> The data
____________

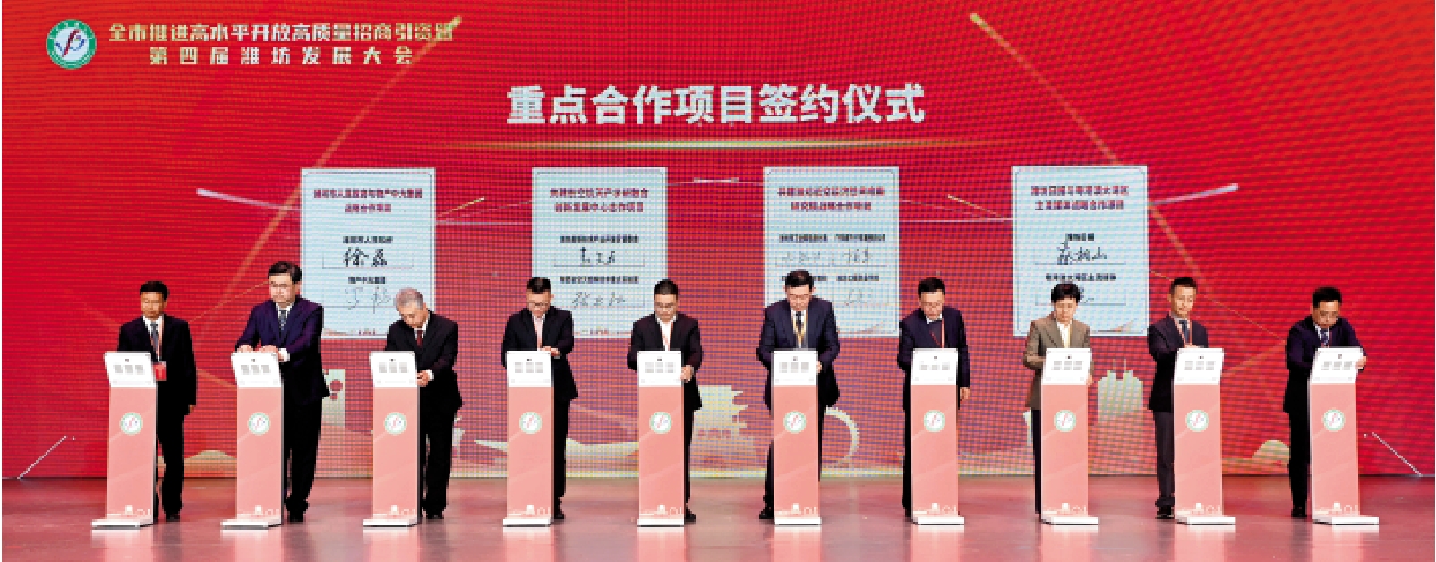 第四屆濰坊發展大會為期三天,多名兩院院士、高層次人才、高等院校和科研院所負責人、企業家代表以及海外知名人士齊聚風箏之都共話未來。當日舉行的主題大會上,山東(濰坊)華僑開放發展試驗區正式揭牌,濰坊市政府與上海交通大學、山東大學等雙一流高校簽署合作協議,山東大學和濰坊學院校際合作、濰坊日報社與粵港澳大灣區媒體戰略合作、濰坊市政府與物產中大集團戰略合作及共建航空航天產學研融合創新發展中心等重點項目集中簽約。大會期間還將舉行高端人才交流對接會、「綠色低碳高質量發展」「元宇宙產業發展」「跨境電子商務」「濰商匯能助力家鄉高質量發展」等多項活動。 據了解,2018年首屆濰坊發展大會以來,已促成1300多名濰商返鄉創業,達成項目200多個,涉及資金超過1000億元,引進國內外院士、專家學者、科研人員等256人,引進院士工作站、科研院所等92個,實現了政治效益、經濟效益和社會效益的有機統一。
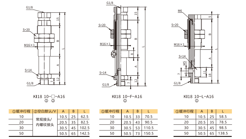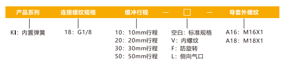 訂貨舉例:KI系列緩沖支桿,連接螺紋規格G1/8,緩沖行程10mm,標準規格,導套外螺紋M16×1其訂購碼為:KI1810-□-A16
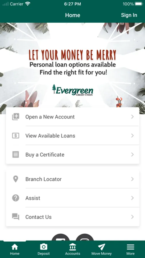 Evergreen Credit Union Mobile provides members convenient access to our website, mobile banking, branch and contact information.
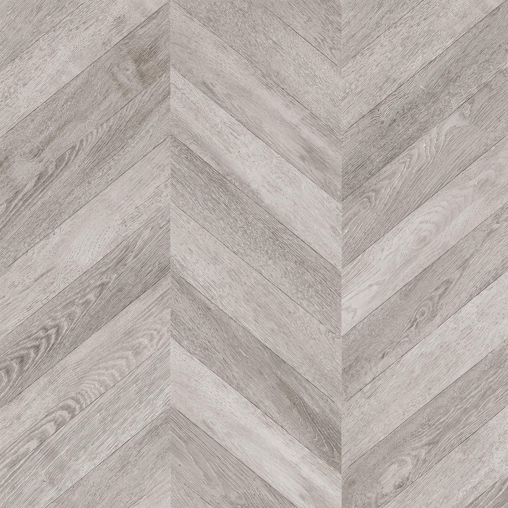 Light Grey Chevron har et lyst, elegant chevronmønster med ultramat finish og synkroniseret prægning. Velegnet til køkken, badeværelse og gulvvarme, med nem installation.
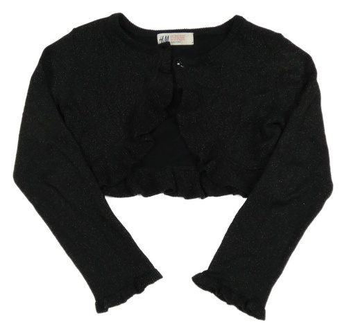 Černé melírované propínací svetrové bolérko s volánikmi a trblietkami H&M
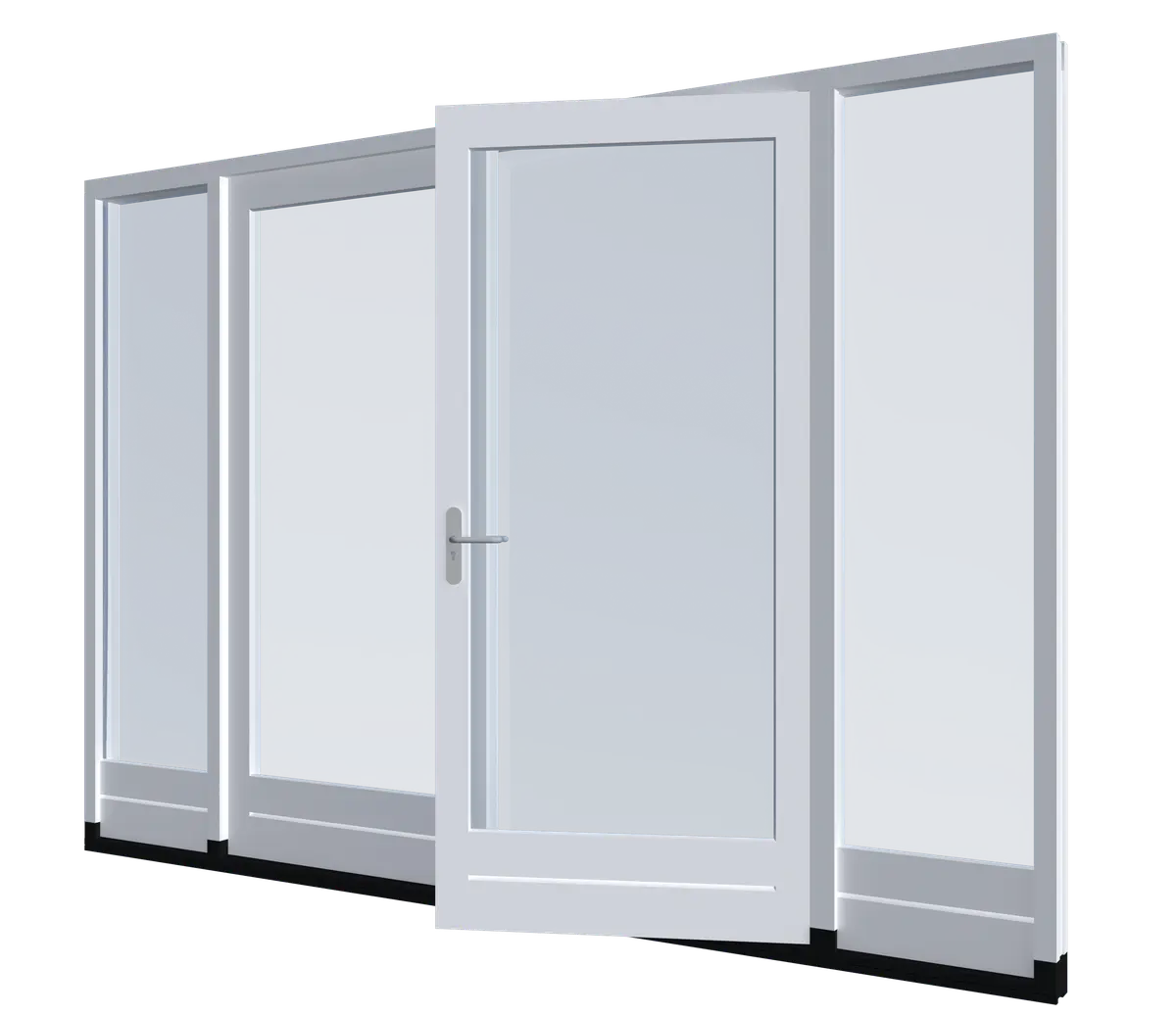 Deze houten tuindeuren kunnen samengesteld worden met verschillende profielen. De tuindeuren draaien naar buiten en bevatten twee zijlichten, die voorzien zijn van een borstwering. Bij het samenstellen kan een keuze gemaakt worden uit verschillende opties voor de beglazing.
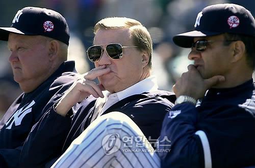 | ▲ 1990년대 뉴욕 양키스의 전성기를 이끈 삼인방. 왼쪽부터 돈 짐머 벤치코치, 조지 스타인브레너 구단주, 조 토리 감독 [EPA=연합뉴스. 재판매 및 DB 금지] |

____________

> What needs to be done
Print exactly the lines from the line with "訂貨舉例:KI系列緩沖支桿,連接螺紋規格" through the end of the data, both ends included, and print no pictures.

> The completed task
 訂貨舉例:KI系列緩沖支桿,連接螺紋規格G1/8,緩沖行程10mm,標準規格,導套外螺紋M16×1其訂購碼為:KI1810-□-A16
 Evergreen Credit Union Mobile provides members convenient access to our website, mobile banking, branch and contact information.
 Light Grey Chevron har et lyst, elegant chevronmønster med ultramat finish og synkroniseret prægning. Velegnet til køkken, badeværelse og gulvvarme, med nem installation.
 Černé melírované propínací svetrové bolérko s volánikmi a trblietkami H&M
 Deze houten tuindeuren kunnen samengesteld worden met verschillende profielen. De tuindeuren draaien naar buiten en bevatten twee zijlichten, die voorzien zijn van een borstwering. Bij het samenstellen kan een keuze gemaakt worden uit verschillende opties voor de beglazing.
 | ▲ 1990년대 뉴욕 양키스의 전성기를 이끈 삼인방. 왼쪽부터 돈 짐머 벤치코치, 조지 스타인브레너 구단주, 조 토리 감독 [EPA=연합뉴스. 재판매 및 DB 금지] |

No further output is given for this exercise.